A shelf full of books on low-carb dieting is shown in a bookstore in New York City, Jun. 25, 2003. Getty

It’s around the time of the year that commitment to New Year’s resolutions tends to wane. For many, that means less focus on nutrition and exercise. A look at the top diet plans for 2017 might help to renew dedication to weight loss and healthy habits.

Diets plans to adhere to this year include the DASH diet, the Mediterranean diet and the MIND diet, according to the U.S. News and World Report’s annual rankings, released earlier this month.

The DASH diet, originally aimed at preventing and lowering blood pressure, ranked first on the list for the seventh year in a row. DASH stands for Dietary Approaches to Stop Hypertension and the plan. Developed in conjunction with the National Heart, Lung and Blood Institute, it emphasizes nutrients like fiber, protein and potassium. The focus is on fruits, vegetables, whole grains, lean protein and low-fat dairy while cutting back on salt, fat and red meat. The DASH diet was endorsed by the American Heart Association, the Mayo Clinic and the U.S. guidelines for treatment of high blood pressure.

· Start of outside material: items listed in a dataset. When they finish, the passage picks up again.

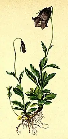 Campanula pulla, the solitary harebell, is a species of flowering plant in the family Campanulaceae, native to the northeastern Alps of Austria.[1] [2] A spreading, mat-forming perennial, the Royal Horticultural Society recommends it for scree gardens.[3] It is available from commercial suppliers.[4] There appear to be cultivars or selections; 'Blue Drops' and 'Alba',[5][6] and a hybrid with Campanula carpatica; Campanula × pulloides, which itself has cultivars, 'Jelly Bells', and 'G.F. Wilson', which has gained the RHS Award of Garden Merit.[7][8][9]
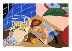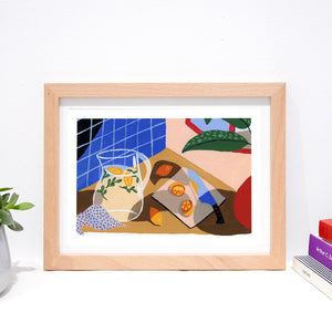 The A5 format is framed on a 24 x 18 cm frame (9,5 x 7,1 in) and also has a custom-made white mat.
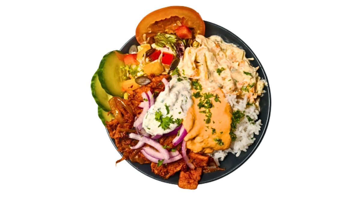 mit Gyros aus Erbsenprotein, Reis, Coleslaw, roten Zwiebeln, gemischtem Salat, Kräuterdip und Herbstidip
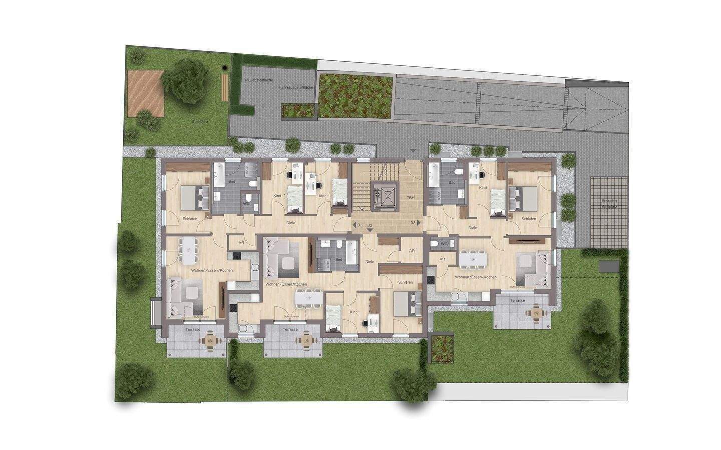 Visualisierung einer eingerichteten Wohnung - 3 Zimmer Etagenwohnung zum Kaufen in Roth
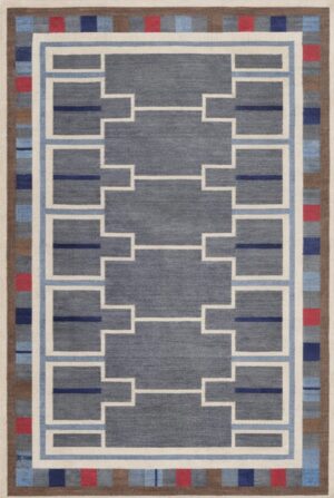 Blue Checkered Wool Handwoven Flatweave Design Rug
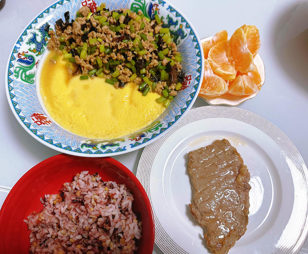 肉沫鸡蛋羹,牛排,杂米饭,橙子
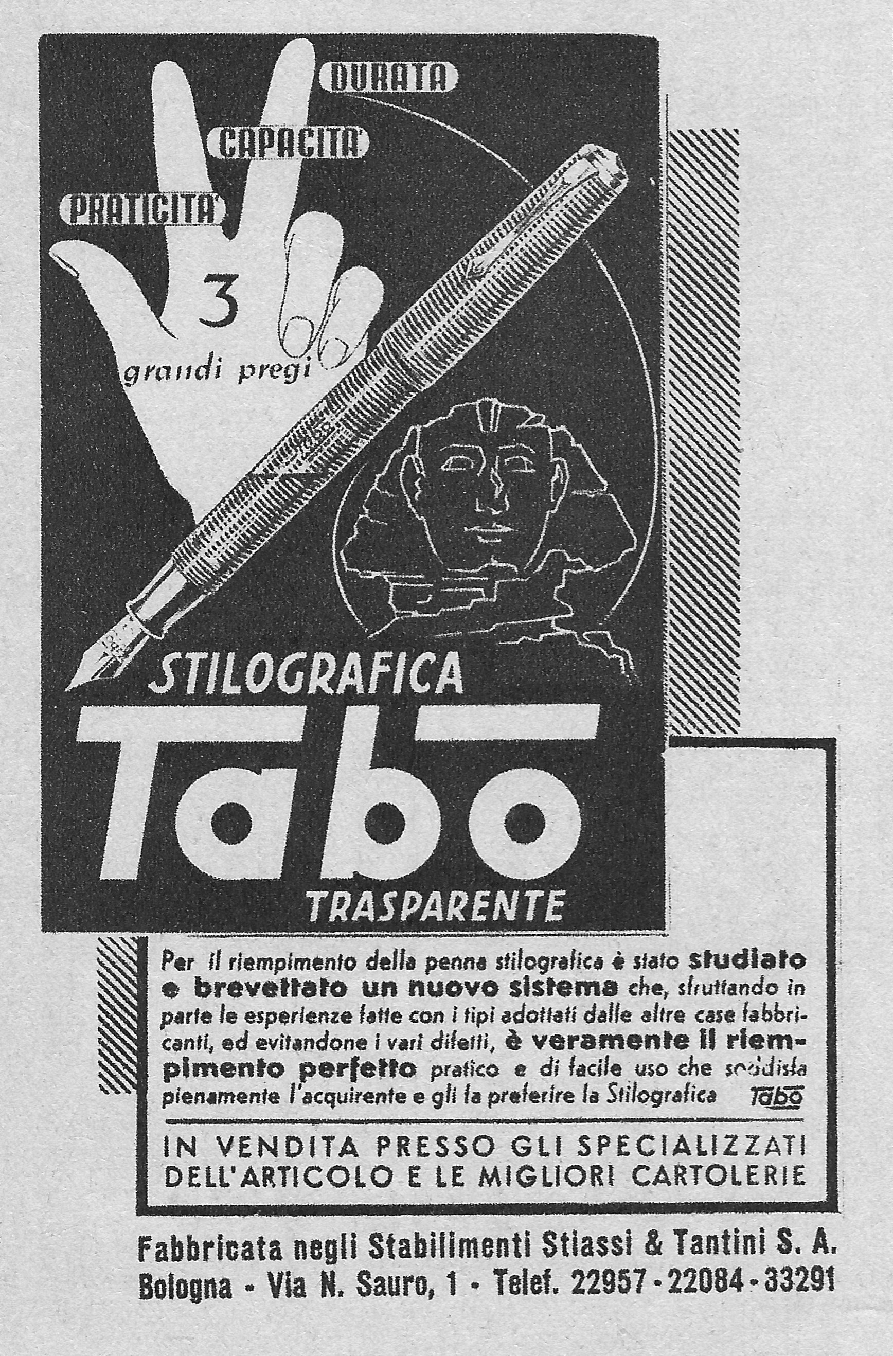 @it|Scansione di una pubblicità della Tabo del 1943, tratta della rivista del Touring Club Italiano Le vie d'Italia. Ritoccata dall'autore per una maggiore nitidezza. Datazione da un articolo della stessa pagina che parla di scontrini per concessioni di viaggio riabilitati se portano la dicitura "solo per il 1943". @en|Scanning of a 1943 Tabo advertising pubblished on the Touring Club Italiano magazine: Le vie d'Italia. Retouched by the author for a better sharpness. Dating from an article in the same page talking about some war restriction on travel tickets raised if the have the imprint "solo per il 1943". </multilang>

Second in the rankings came the Mediterranean diet, an eating pattern that’s often in the news for its purported life-extending properties. While eating habits actually vary throughout the Mediterranean region, the Harvard School of Public Health and a nonprofit food think tank called Oldways worked together to come up with a food pyramid for those who want to follow the diet. Various studies have shown the benefit of the plan, focused on fruits, vegetables, seafood, olive oil, whole grains and even wine.

The MIND diet, a combination of both the Mediterranean diet and the DASH diet, came in third on the U.S. News & World Report’s list. The MIND diet is aimed at preventing Alzheimer’s disease through certain foods, hence its name, which stands for Mediterranean-DASH Intervention for Neurodegenerative Delay. Based on a scientific study of people who developed Alzheimer’s, the plan is focused on 10 primary, healthy food groups which include vegetables, nuts, berries, fish and wine.

Trendier, more popular diets didn’t fare as well on the list as did the traditional staples. The Whole30 diet, which has gained popularity in recent years, was ranked 38th out of 38th.